La congélation puis la décongélation créent de nombreuses autres modifications microstructurales et altérations des composants de la viande qui ne peuvent être clairement distinguées par une évaluation visuelle. Les méthodologies analytiques peuvent saisir ces différences. Le NIR a été utilisé pour différencier la viande de bœuf, de porc et d’agneau congelée/décongelée (Evans et al., 1998). La technique spectroscopique dans différentes configurations a été utilisée récemment par plusieurs auteurs. Par exemple, les systèmes d’imagerie hyperspectrale NIR et VIS/NIR ont été appliqués pour différencier les muscles porcins frais des muscles congelés/décongelés, avec une classification correcte allant d’environ 90 % à 100 % des échantillons (c’est-à-dire Douglas et al, 2013).

Górska-Horczyczak et al. (2016) ont différencié les morceaux de porc frais des morceaux congelés/décongelés avec un nez électronique basé sur la chromatographie en phase gazeuse ultrarapide soutenu par un réseau neuronal artificiel supervisé pour l’analyse des données acquises atteignant un taux de classification correcte de 80 % à 90 % des échantillons.
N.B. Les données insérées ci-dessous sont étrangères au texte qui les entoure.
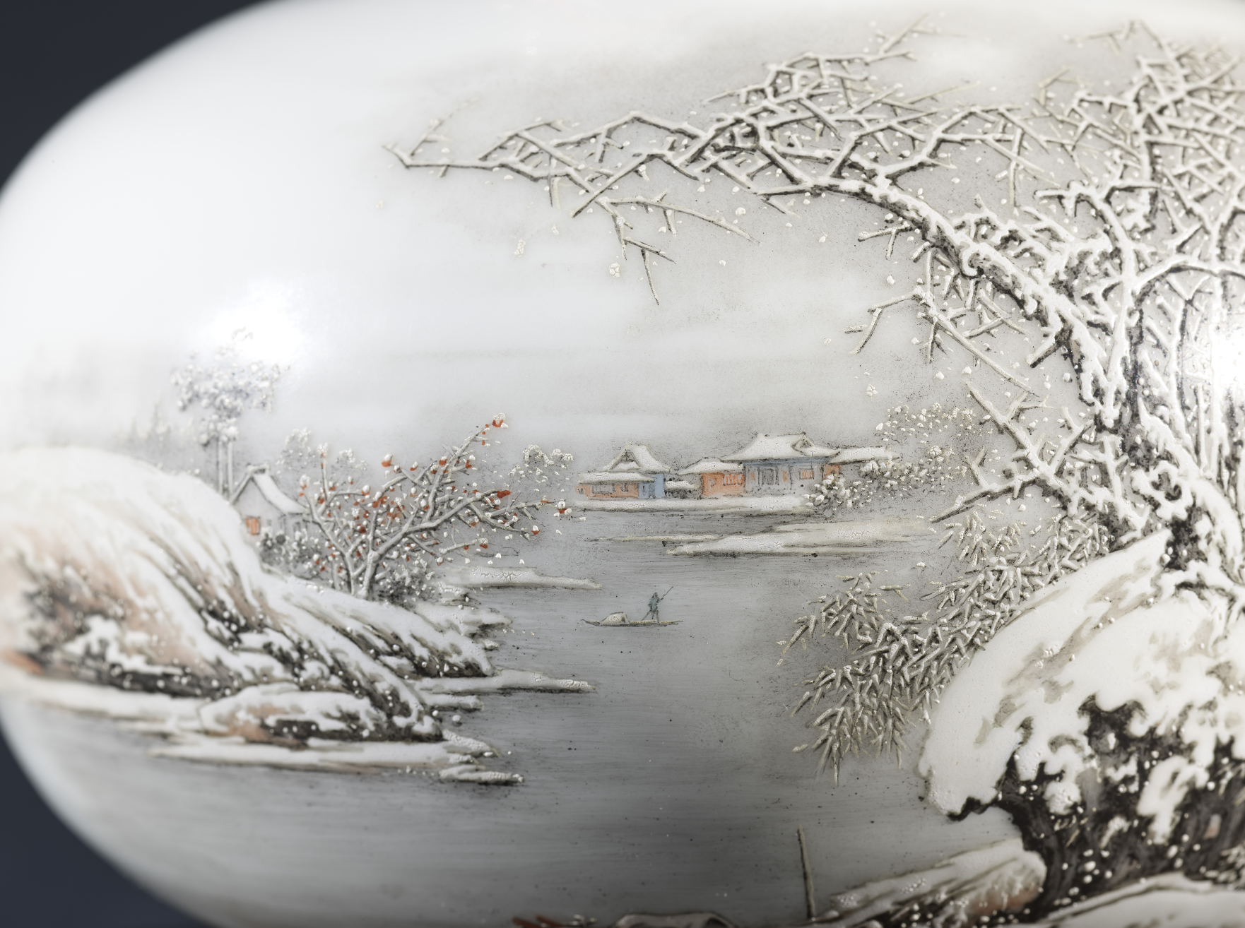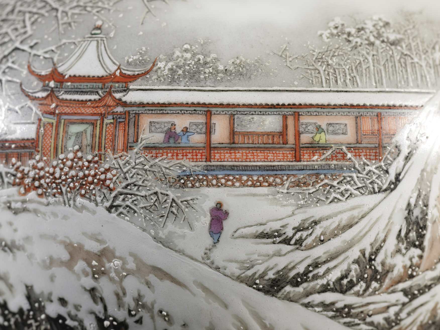 瓶腹正面通景绘“寒江雪霁图”(图二),是余文襄“三远法③构景”的典型体现:近景枯树虬枝裹雪,以斧劈皴④勾树皮肌理,再敷玻璃白显积雪厚度,枝桠间留白透气,得雪压冬云之态;中景亭台楼阁隐于林间,朱红栏柱与白墙覆雪相映,嵌人影若干,衣袂褶皱以淡墨细勾,于冷寂中添生活暖意;远景山峦以淡墨渲染,层叠渐隐,留白作云气,江畔缀有零星人家,江面上有一渔夫正撑杆行舟,于茫茫雪色中破冷调、显生机,暗契“雪境藏春”的创作理念(图三)。

Chen et al. (2016) ont proposé l’utilisation de mesures d’impédance pour distinguer le muscle de poitrine de poulet frais et congelé-décongelé avec une précision de prédiction allant d’environ 85% à 100%, en fonction du nombre de cycles de congélation/décongélation et des méthodes utilisées pour l’analyse des données.

D’autres méthodes qui ont été proposées pour détecter la viande congelée/décongelée (c’est-à-dire, analyse de l’ADN par PCR, microscopie optique, microscopie électronique, évaluations de l’odeur, de la couleur et de la tendreté ; Ballin et Lametsch, 2008) n’ont pas trouvé d’application pratique. Le niveau de dégradation de l’ARN pourrait potentiellement fournir de nouvelles solutions analytiques pour évaluer le temps écoulé depuis l’abattage et également le niveau des traitements post-mortem de la viande, y compris la congélation et la décongélation (Fontanesi et al., 2008a).